The RK’s buddies are already over this morning. Friend (Ba Doozie let me know we need to find a new name for him…I’m open to suggestions.) rang the doorbell not too long after 9:00 this morning, and the RK was still asleep. I hadn’t even been up that long at that point. So I sent him on his way, letting him know that I’d have the RK call him when he got up. Then less than an hour later, but a little more appropriate, FriendZ rang the doorbell. So the RK ran upstairs to put some clothes on (he was running around in his tighty-whities) and answered the door. Friend was called, and now the three of them are upstairs in the loft laughing and being generally goofy in front of the XBox.

Right now my Neverending Quest for Self-Improvement is getting to where I don’t worry so much about what I blog about, or how. That’s a big part of my not posting on here as much as I’d like. I get so caught up worrying about my form, my topics. I get so concerned about how my posts will be received by whoever’s out there reading this, that I drive myself crazy. When in all actuality, I created this blog to be more like a traditional diary.
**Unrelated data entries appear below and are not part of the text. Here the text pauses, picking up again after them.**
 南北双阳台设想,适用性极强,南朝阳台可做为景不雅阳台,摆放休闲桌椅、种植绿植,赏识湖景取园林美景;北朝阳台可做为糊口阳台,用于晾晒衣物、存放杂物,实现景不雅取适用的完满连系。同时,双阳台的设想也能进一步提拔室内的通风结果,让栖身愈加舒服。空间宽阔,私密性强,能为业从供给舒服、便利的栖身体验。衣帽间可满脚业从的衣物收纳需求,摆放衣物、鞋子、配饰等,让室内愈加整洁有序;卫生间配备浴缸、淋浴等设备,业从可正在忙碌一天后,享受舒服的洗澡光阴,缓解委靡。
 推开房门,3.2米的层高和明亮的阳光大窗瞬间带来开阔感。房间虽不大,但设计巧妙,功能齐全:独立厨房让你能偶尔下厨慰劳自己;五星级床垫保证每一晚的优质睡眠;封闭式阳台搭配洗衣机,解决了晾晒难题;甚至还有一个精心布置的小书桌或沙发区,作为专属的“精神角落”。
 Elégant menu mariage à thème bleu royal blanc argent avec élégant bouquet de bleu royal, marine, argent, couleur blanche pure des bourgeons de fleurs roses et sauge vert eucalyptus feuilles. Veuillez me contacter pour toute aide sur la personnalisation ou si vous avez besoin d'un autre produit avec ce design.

It’s for me, to write about whatever I want. And if I collect a few readers here and there, then great.

I’ve always been so bad at keeping a regular diary or journal. It turns out that I really have no desire to write if no one’s gonna be reading it. So this weblog thing is right up my alley! I just need to learn to strike a happy medium between writing for me, and writing for y’all.
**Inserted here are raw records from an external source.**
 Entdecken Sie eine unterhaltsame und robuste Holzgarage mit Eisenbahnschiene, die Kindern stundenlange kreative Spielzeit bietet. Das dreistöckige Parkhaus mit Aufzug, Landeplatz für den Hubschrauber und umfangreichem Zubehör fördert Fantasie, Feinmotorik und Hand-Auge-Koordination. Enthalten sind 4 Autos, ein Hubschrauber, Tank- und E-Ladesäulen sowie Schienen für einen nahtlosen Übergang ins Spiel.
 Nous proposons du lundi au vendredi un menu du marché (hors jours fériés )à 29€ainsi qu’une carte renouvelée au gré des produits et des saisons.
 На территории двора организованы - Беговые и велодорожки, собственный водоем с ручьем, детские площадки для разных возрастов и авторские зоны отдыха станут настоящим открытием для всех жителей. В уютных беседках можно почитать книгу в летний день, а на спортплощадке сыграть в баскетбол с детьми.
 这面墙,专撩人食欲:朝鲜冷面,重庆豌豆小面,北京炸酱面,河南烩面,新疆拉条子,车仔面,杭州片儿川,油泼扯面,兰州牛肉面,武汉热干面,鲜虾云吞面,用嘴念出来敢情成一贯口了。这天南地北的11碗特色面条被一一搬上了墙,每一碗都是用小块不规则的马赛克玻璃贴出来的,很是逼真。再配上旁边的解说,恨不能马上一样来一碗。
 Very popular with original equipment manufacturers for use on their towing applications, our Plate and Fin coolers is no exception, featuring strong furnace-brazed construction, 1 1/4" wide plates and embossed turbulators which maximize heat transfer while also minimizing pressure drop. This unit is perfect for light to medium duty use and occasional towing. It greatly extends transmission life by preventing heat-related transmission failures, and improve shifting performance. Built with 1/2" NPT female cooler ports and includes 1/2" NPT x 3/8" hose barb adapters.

So it turns out that when I created this blog, of course I go right to seeking out readers. Of course I’d love to have a blog that gets hundreds, or even thousands of hits a day, but when it all comes down to it, I’m happy just knowing I do have just a handful of loyal readers out there. Anything greater than zero will keep me going.
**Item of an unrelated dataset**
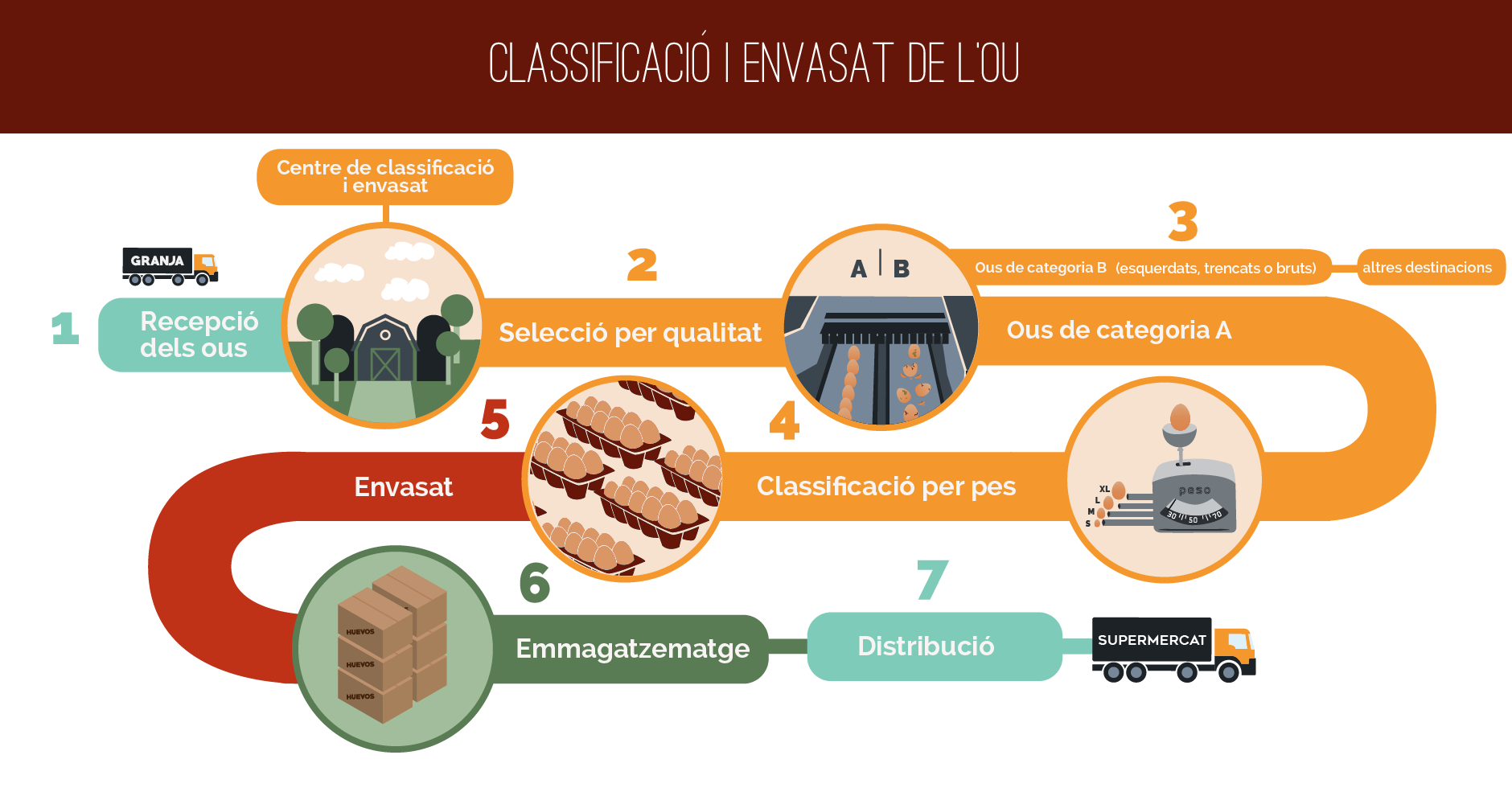 Moltes granges tenen els seus propis centres de classificació annexos a la mateixa granja. En aquests casos els ous arriben directament al centre, mentre que les granges que no disposen de centre d’embalatge propi envien els ous a centres externs. Aquests reben els ous provinents de diferents granges i per garantir la traçabilitat del producte els marquen amb el codi de la granja d’on provenen.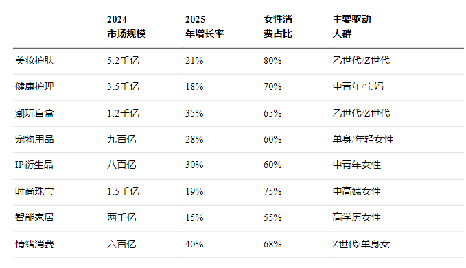 尤其是乙世代和Z世代女性推動了情緒消費品等新興品類的爆發式增長,促使傳統行業加快向個性化、情感化和智能化轉型。

And I need to quit thinking that my blog needs to be like this person’s, or like that person’s, or that my writing style needs to be more interesting. This is to be whatever I want it, however I want to write it. I do get some great ideas from others’ blogs, but ultimately, my blog is to be as unique as I am.

Also, I need to get to where my posts don’t take the better part of an hour to publish, and that posting more than once a day is more of a possibility.

OK…got some chores to do. The IB has an appointment with the developmental pediatrician this afternoon as well. The rotten kitties are just about out of cat food, and the library books are due. That’s what my day looks like.

Wow…so far so good! This post only took me about twenty minutes.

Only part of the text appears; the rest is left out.